Theoretically, every employee engages in job crafting to enhance the alignment of the job with personal abilities and needs (Tims & Bakker, 2010; Wrzesniewski & Dutton, 2001). Job crafting is also argued to be a continuous process in which employees engage in on a daily basis (Berg et al., 2008; Petrou et al., 2012). In previous studies, job crafting showed to yield beneficial consequences for employees (e.g., less job boredom, more work engagement, more positive experiences such as interest, enthusiasm, achievement, enjoyment, happiness, and mastery, more alignment with personal expectations, fulfillment of valued identities, a higher degree of psychological well-being, increased perceptions of self-control; Barker, 2007; Berg et al., 2010; French, 2009; Grant, 2007; Ko, 2012; Løvoll & Vittersø, 2014; Lyons, 2008) and organizations alike (e.g., increased performance, reduced turnover intentions, reduced absenteeism, increased readiness to change, increased creativity, increased commitment; Bakker et al., 2003, 2004, 2007; Demerouti et al., 2015; Ghitulescu, 2006; Petrou et al., 2015; Tims et al., 2015); all of which ultimately contribute to sustained well-being and proactivity in the workplace. Such high level of well-being at work are in the best interest of both employees and organizations alike. Hence, investigating job crafting at a within-person level in relation to both between- and within-person level correlates expands our understanding of the occurrence of job crafting as a daily strategy to enhance daily person-job fit, and indirectly work engagement and performance. The current study provides a first step toward achieving this objective through our examination of active emotions and PGI in relation to daily fluctuations in job crafting and person-job fit.

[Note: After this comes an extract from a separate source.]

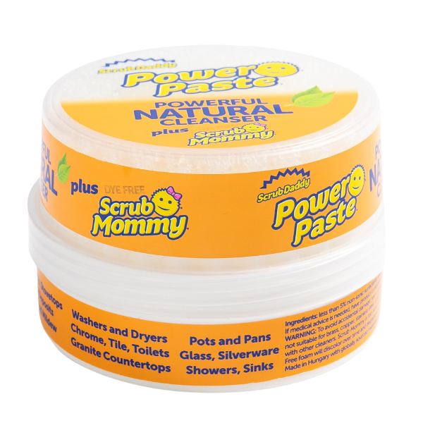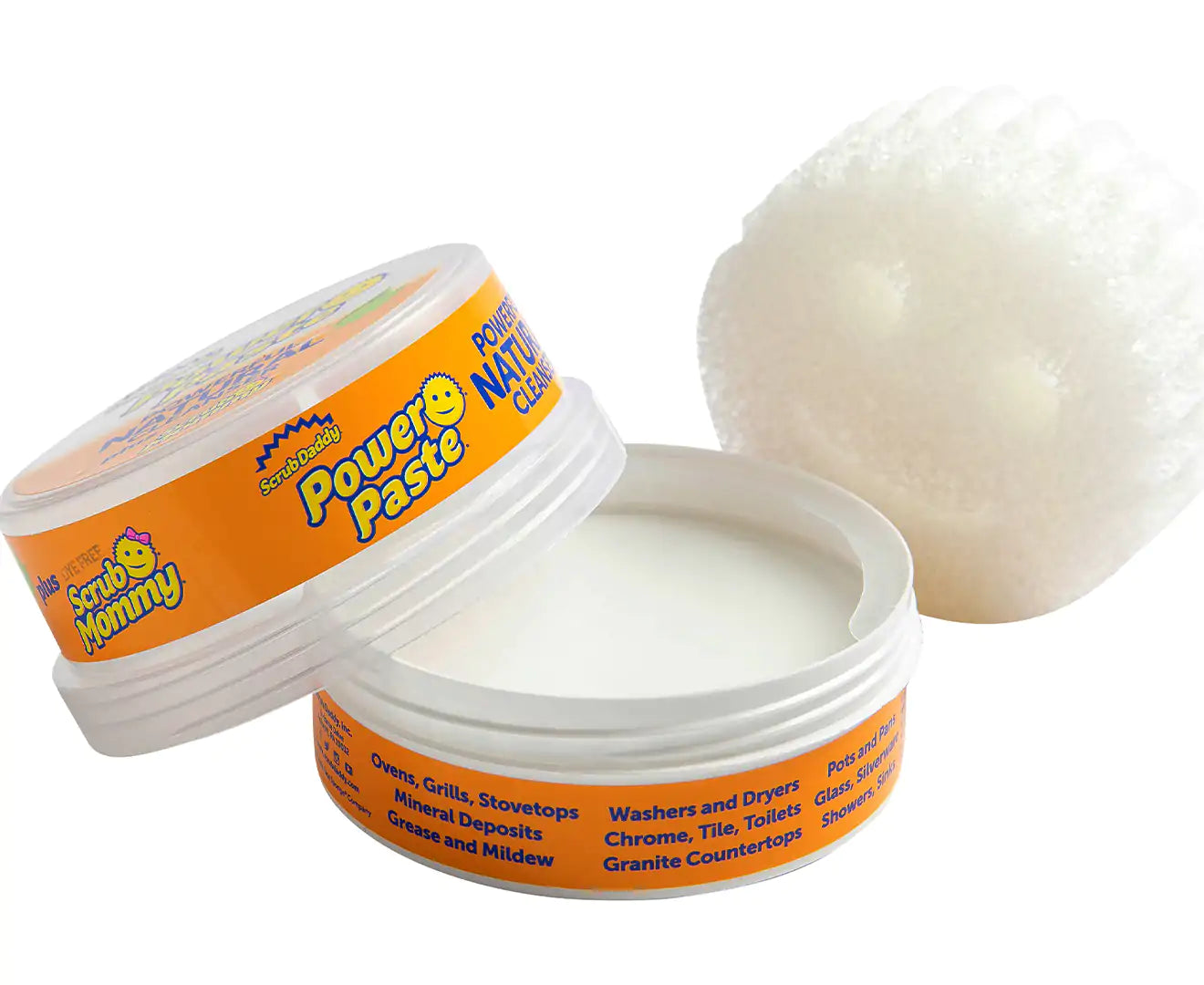 To use. generate a foam by swirling a dampened Scrub Mommy into the paste. Apply the foam to grease. soap scum. mildew or limescale stained surfaces. Rinse clean.

Our findings support our assumptions that daily fluctuations in job crafting are also positively associated with daily fluctuations in person-job fit at a within-person level. Furthermore, we found that individual characteristics have both a direct and interactive impact on daily fluctuations in job crafting. More specifically, our results demonstrated that the within-person level differences in both PAE and NAE (but not in PPE and NPE), as well as the between-person level differences in PGI play a positive role in relation to daily fluctuations in job crafting. However, contrary to our expectations, we found buffering cross-level interaction effects of PGI on the relationships between daily fluctuations in PAE/NAE and daily fluctuations in job crafting, rather than the expected amplifying effects. Moreover, we only found indirect effects from PGI and daily fluctuations in NAE to both daily fluctuations in DA- and NS-fit, via daily fluctuations in job crafting. The findings obtained from this study contribute to the job crafting literature in three important ways.
First, our multilevel study design allowed to examine both within- and between-person level individual characteristics and their interaction to understand daily fluctuations in job crafting. By doing so, we expand the growing number of studies which revealed that the extent to which employees engage in job crafting not only differs at the between-person level but also differs within a particular employee as that employee moves through daily life (Demerouti et al., 2015; Petrou et al., 2012; Tims et al., 2013). Specifically, our results indicated that active emotional states (i.e., PAE and NAE) at the within-person level and PGI at the between-person level seemed to fuel daily fluctuations in job crafting. At the same time, our results indicated that passive emotions do not show a similar activating effect at the daily level. This latter finding contrasts the recent work by Wang and colleagues (2020) who found that dissatisfaction with one’s career leads to job crafting 3 months later. However, our finding is in line with previous theoretical arguments that passive emotions lack the necessary energizing effect need to trigger respondents’ willingness to change their situation and craft their jobs. We thus conclude that daily fluctuations in active emotional states, but not in passive emotional states, are able to trigger proactive behavior, such as job crafting, within a work day.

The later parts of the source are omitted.